🤖 AI Summary
This work addresses the challenge of improving code quality in GT-free settings, where existing test-time scaling methods suffer from high noise in self-generated tests and strong coupling with erroneous code. The authors propose a training-free, cooperative self-play framework that iteratively refines both code and its self-generated unit tests through bidirectional execution feedback. By introducing a dual-pass counting signal and an output consistency clustering mechanism, the method achieves the first unsupervised co-evolution of code and tests. Without relying on reinforcement learning or ground-truth annotations, it boosts the best-of-N (BoN) pass@1 performance of Qwen2.5-7B-Instruct from 22.1% to 33.2% across four benchmarks and dramatically increases unit test accuracy from 14.6% to 78.3%, matching or even surpassing the performance of CURE-7B—a state-of-the-art RLVR approach that requires real unit tests.
📝 Abstract
Recently, Reinforcement Learning with Verifiable Rewards (RLVR) and Test-Time Scaling (TTS) have advanced LLM code generation through executable verification. Yet Ground-Truth Unit Tests (GT UTs) remain a bottleneck: SOTA RLVR methods require them for costly training, while existing TTS methods lose competitiveness without them.
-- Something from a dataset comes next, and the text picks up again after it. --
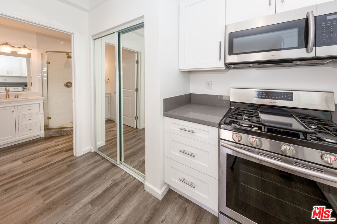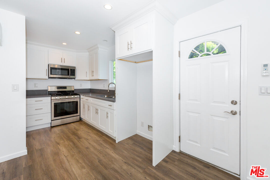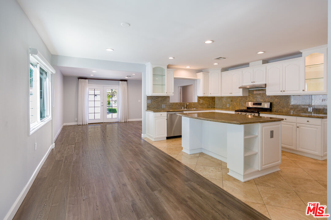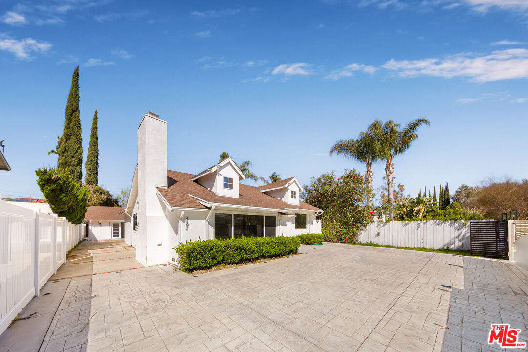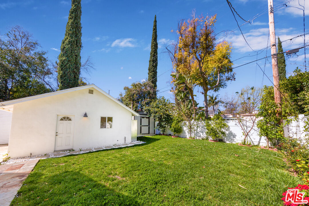 This stunning contemporary-style residence, fully renovated to perfection, alongside a newly constructed Accessory Dwelling Unit (ADU), is nestled in the highly sought-after Sherman Oaks area, just steps away from Ventura Blvd. Enclosed within secure gates with controlled access and designed with elegant stone pavers, the property boasts impressive curb appeal, featuring a lengthy driveway and ample on-site parking. Step inside to discover an exceptional open floor plan flooded with natural light. The welcoming entry leads to a spacious living room, complete with a cozy fireplace, seamlessly flowing into the formal dining area and expansive gourmet kitchen. The kitchen is equipped with a central island, abundant of modern cabinetry, granite countertops, and top-of-the-line appliances including a refrigerator, gas stove, and dishwasher. The adjacent family room offers easy access to the backyard, perfect for indoor-outdoor living. The residence includes two generously sized secondary bedrooms sharing a beautifully tiled full bathroom with a stylish shower stall. Additionally, there is a luxurious master suite featuring a sizable bedroom with a walk-in closet, and a master bathroom boasting a large spa, separate stall shower, and double sinks. The master suite conveniently opens to the backyard. A separate, never-before-lived-in ADU provides added versatility, complete with its own bathroom featuring a stall shower, kitchen, and central heating and cooling system, ideal for accommodating in-laws or guests. Outside, the lovely yard showcases a spacious grassy area dotted with fruit trees, complemented by a separate storage room. Additional highlights of this exceptional property include high-end finishes, new wood and laminate flooring, fresh paint throughout, indoor laundry facilities, recessed lighting, and complete security within the gated confines, surrounded by single-family homes on three sides. Perfect for entertaining, this home is ideally located just steps from Ventura Blvd, offering easy access to fine dining, shopping, and entertainment options. Conveniently situated near the 101 and 405 freeways, Sherman Oaks Galleria, and Westfield Fashion Square, this residence epitomizes luxurious California living at its finest.

This motivates GT-free TTS, where existing methods directly use self-generated UTs to refine and select code candidates. Yet such UTs are often noisy or spuriously coupled with wrong code, and UT quality in turn cannot be validated without reliable code. The key challenge is therefore to jointly improve both. To this end, we present CoSPlay, a GT-free, training-free framework that jointly improves codes and UTs through cooperative self-play. It first explores diverse solution ideas and identifies their potential failure modes to produce discriminative UT ideas. It then uses bidirectional pass-count signals from the Code-UT execution matrix to iteratively prune or fix weak codes and refresh or replace unreliable UTs, letting the two pools co-evolve. Finally, when multiple codes remain tied at the highest pass count, it picks the final code from the largest output-consensus cluster, since correct codes agree on the same inputs while wrong codes diverge. Experiments on four challenging benchmarks show that CoSPlay on Qwen2.5-7B-Instruct improves average BoN from 22.1% to 33.2% and UT accuracy from 14.6% to 78.3%, matching or surpassing the RLVR model CURE-7B. When applied to CURE-7B, it further improves BoN by 5.7%. CoSPlay also generalizes across diverse backbones and outperforms GT-free TTS baselines under comparable token budgets, with continued gains as the budget scales up. These results suggest a scalable inference strategy for competitive code generation without any GT data.